3. Configure a Role for Web Identity in AWS:

   • The next step is configuring an AWS role for web identity. This role will be used to grant permissions based on the authenticated identity from Okta. For a detailed walkthrough, visit the official AWS documentation on creating roles for identity providers.

   

4. Log in to Team Edition as an Administrator.

5. Enable AWS Services and AWS OpenID Provider:

6. Navigate to Settings -> Administration -> Server Configuration and select the checkboxes for both Cloud (AWS) and AWS OpenID.

7. Configure Identity Provider

   • Continue to Settings -> Administration -> Identity Providers.
   • Click on the + Add button to begin configuring a new identity provider.

   

   Below is the table with fields to be completed for configuring the identity provider:

   Field	Description
   Provider	Select AWS OpenID from the dropdown menu.
   ID	Enter a custom name for the identity provider.
   Configuration name	Specify the configuration name.
   Description (optional)	Provide a brief description of the identity provider.
   Icon URL (optional)	Enter the URL of an icon to represent this identity provider in Team Edition.
   Client ID	Use the Client ID from the Okta application.
   Client Secret	Use the Client Secret from the Okta application.
   IDP auth endpoint URL	Format as https://{okta_domain}/oauth2/v1/authorize.
   IDP token endpoint URL	Format as https://{okta_domain}/oauth2/v1/token.
   Custom scopes	The custom scopes. Use with ; delimiter.
   Role ARN	Enter the ARN for the WebIdentity role from AWS.
   Name of an AWS role claim	Name of the AWS role claim that contains the name of the AWS role.
   Group: Administrators	Administrators group ID. This is the group's unique ID. All users from this group will be associated with the role of Administrator
   Group: Developers	Developers group ID. This is the group's unique ID. All users from this group will be associated with the role of Developer
   Group: Managers	Managers group ID. This is the group's unique ID. All users from this group will be associated with the role of Manager
   Group: Editors	Editors group ID. This is the group's unique ID. All users from this group will be associated with the role of Editor
   Group: Viewers	Viewers group ID. This is the group's unique ID. All users from this group will be associated with the role of Viewer
   Restrict access if user role does not match	If enabled, users whose SSO groups are not mapped to any role in the provider configuration will not be able to log in. User provisioning will also skip such users. If disabled, all authenticated users will be able to log in regardless of group mapping.

   Important

   The Role ARN added during this step acts as the default role. It's not advisable to use an administrator role at this step. It is recommended to use a role with minimum privileges during provider setup.
   
   After the provider is configured, you will see an AWS Role ARN field for each user, where you can specify a role with higher privileges, if necessary.
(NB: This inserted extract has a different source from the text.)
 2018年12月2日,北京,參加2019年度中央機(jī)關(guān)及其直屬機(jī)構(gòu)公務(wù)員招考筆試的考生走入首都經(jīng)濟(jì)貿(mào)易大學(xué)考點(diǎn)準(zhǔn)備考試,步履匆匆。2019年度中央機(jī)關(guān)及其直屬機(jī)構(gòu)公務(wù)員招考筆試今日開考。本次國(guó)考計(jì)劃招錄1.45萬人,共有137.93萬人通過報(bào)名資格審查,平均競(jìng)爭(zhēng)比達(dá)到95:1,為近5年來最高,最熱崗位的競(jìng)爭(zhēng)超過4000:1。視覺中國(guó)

   • After filling in the fields, click on the Create button to complete the identity provider configuration.

   Info

   For instructions on configuring AWS Regions, see AWS Settings.
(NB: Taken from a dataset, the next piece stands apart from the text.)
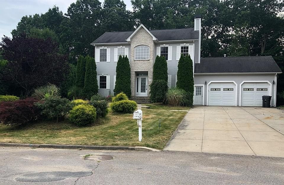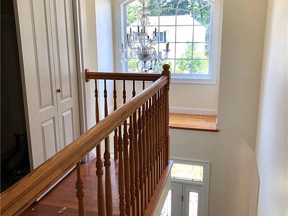 3 Bedroom Colonial, 2.5 bath located in desirable Hilltop Estate. Home includes central air, security system, 1 partially finished room in the basement. The entrance features a larger foyer with viewing to open concept light fixture above to large window to the front of the home. Kitchen has granite counters, center island, wood cabinets, window over sink and slider to the back private deck with updated decking. The yard is secluded with white PVC fencing around entire backyard portion of this .828 acre lot of land. Hardwood floors throughout the home are in great condition. Railing on stairs needs to be replaced as well as some light fixtures, 1 toilet cover, 1 bathroom sink, mirror over fireplace, some doors and door jambs. Some rooms have holes in the walls throughout the house that would need to be patched and repaired. Second floor includes ample closet space in hallways and bathrooms, master with en suite and large walk in closet, 2 smaller bedrooms with smaller closets and separate full bath on second floor, laundry also is located on second floor. Downstairs has plenty of closets for pantry, storage, etc. Heated 2 car garage, with separate entrance and mudroom. Large driveway with 2 to 4 car spaces. . Priced to sell taking into consideration repairs necessary. Great house with a lot of extras and the potential to make it your own. Property being sold AS-IS.

8. Copy Redirect and Sign out Links:

9. Enter the newly created identity provider.

10. Copy the Redirect link and the Sign out link.

    

11. Update Redirect URIs in Okta:

12. In your Okta application, navigate to General -> Login.
13. Under Sign-in redirect URIs, paste the copied Redirect link.
14. In the same section, locate Sign-out redirect URIs and paste the Sign out link there.
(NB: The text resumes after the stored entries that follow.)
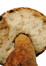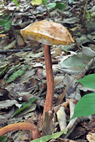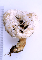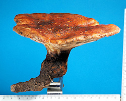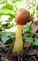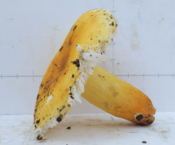 ![]() 柄基部の黄色菌糸が偽アミロイド |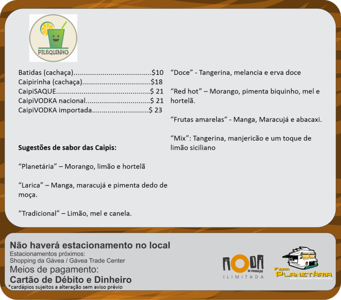 Entre os destaques da vez, estão o Al Taglio, com pizzas cortadas na tesoura, o Graviola Truck, conhecido pela comida saudável, o Pilequinho Caipitruck, com criações de drinks originais, e o Los Mendozitos que irá lançar uma nova bicicleta na feira. O Sushi Barcelos e o Delfina, famoso pelos cardápios inspirados na carne de pato, e a batata frita com molhos exóticos do Frites também estarão presentes, assim como o chef Fred de Maeyer, apresentando pratos contemporâneos. Confira detalhes do cardápio na galeria acima.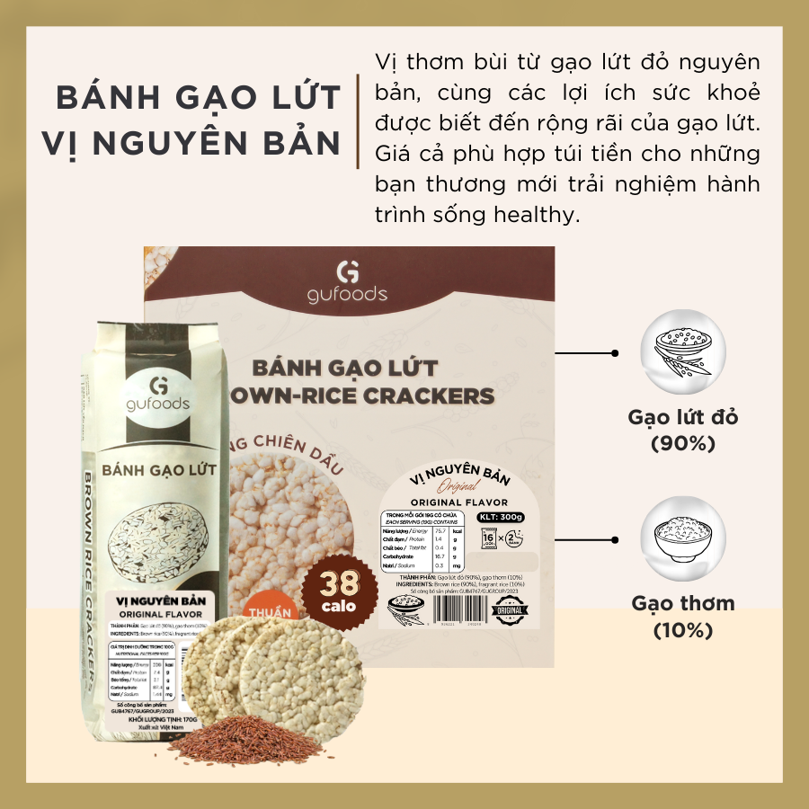Trong 100g bánh gạo lứt nguyên bản GUfoods có:

15. Click Save in Okta to finalize these configurations.

    

16. Now you can log in through the newly created Federated authentication method in Team Edition, using the Configuration name you assigned during the setup.

    

17. Verify the Integration of AWS OpenID and Okta

    1. Once logged in, click on your username in Team Edition and navigate to the User Info tab.
    2. Here, you should see two tokens. Their presence indicates that the integration of AWS OpenID and Okta has been successfully completed, and Team Edition has access to the necessary credentials.

    

18. Following successful login, you can access the databases listed in Cloud Explorer that are integrated with your AWS account.